_Exercise goal_:
Look below for the line containing "Mềm mại, nhẹ"; write out that line and each one after it to the end, exactly, and nothing else.

_Data extracted from a collection_:

↓

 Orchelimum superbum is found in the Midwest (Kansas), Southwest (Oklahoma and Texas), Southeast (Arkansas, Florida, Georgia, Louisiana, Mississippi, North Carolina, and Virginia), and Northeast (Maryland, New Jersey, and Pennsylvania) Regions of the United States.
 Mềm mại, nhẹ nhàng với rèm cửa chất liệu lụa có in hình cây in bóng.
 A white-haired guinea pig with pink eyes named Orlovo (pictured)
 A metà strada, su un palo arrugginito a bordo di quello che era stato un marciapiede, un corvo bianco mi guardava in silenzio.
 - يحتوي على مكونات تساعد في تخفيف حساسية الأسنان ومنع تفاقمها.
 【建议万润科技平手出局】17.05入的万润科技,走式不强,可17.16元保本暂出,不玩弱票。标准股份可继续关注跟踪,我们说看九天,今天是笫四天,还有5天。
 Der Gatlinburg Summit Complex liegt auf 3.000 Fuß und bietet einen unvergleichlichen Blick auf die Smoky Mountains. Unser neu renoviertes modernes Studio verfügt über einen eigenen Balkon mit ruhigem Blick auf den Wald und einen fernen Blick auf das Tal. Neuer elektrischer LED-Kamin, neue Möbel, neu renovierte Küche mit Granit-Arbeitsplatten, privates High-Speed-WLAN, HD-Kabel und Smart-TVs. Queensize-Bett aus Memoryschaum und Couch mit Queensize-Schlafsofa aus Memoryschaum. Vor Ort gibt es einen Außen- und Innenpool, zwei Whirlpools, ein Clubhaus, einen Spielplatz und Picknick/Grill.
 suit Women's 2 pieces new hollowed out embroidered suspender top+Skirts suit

↑

_Completed task_:
 Mềm mại, nhẹ nhàng với rèm cửa chất liệu lụa có in hình cây in bóng.
 A white-haired guinea pig with pink eyes named Orlovo (pictured)
 A metà strada, su un palo arrugginito a bordo di quello che era stato un marciapiede, un corvo bianco mi guardava in silenzio.
 - يحتوي على مكونات تساعد في تخفيف حساسية الأسنان ومنع تفاقمها.
 【建议万润科技平手出局】17.05入的万润科技,走式不强,可17.16元保本暂出,不玩弱票。标准股份可继续关注跟踪,我们说看九天,今天是笫四天,还有5天。
 Der Gatlinburg Summit Complex liegt auf 3.000 Fuß und bietet einen unvergleichlichen Blick auf die Smoky Mountains. Unser neu renoviertes modernes Studio verfügt über einen eigenen Balkon mit ruhigem Blick auf den Wald und einen fernen Blick auf das Tal. Neuer elektrischer LED-Kamin, neue Möbel, neu renovierte Küche mit Granit-Arbeitsplatten, privates High-Speed-WLAN, HD-Kabel und Smart-TVs. Queensize-Bett aus Memoryschaum und Couch mit Queensize-Schlafsofa aus Memoryschaum. Vor Ort gibt es einen Außen- und Innenpool, zwei Whirlpools, ein Clubhaus, einen Spielplatz und Picknick/Grill.
 suit Women's 2 pieces new hollowed out embroidered suspender top+Skirts suit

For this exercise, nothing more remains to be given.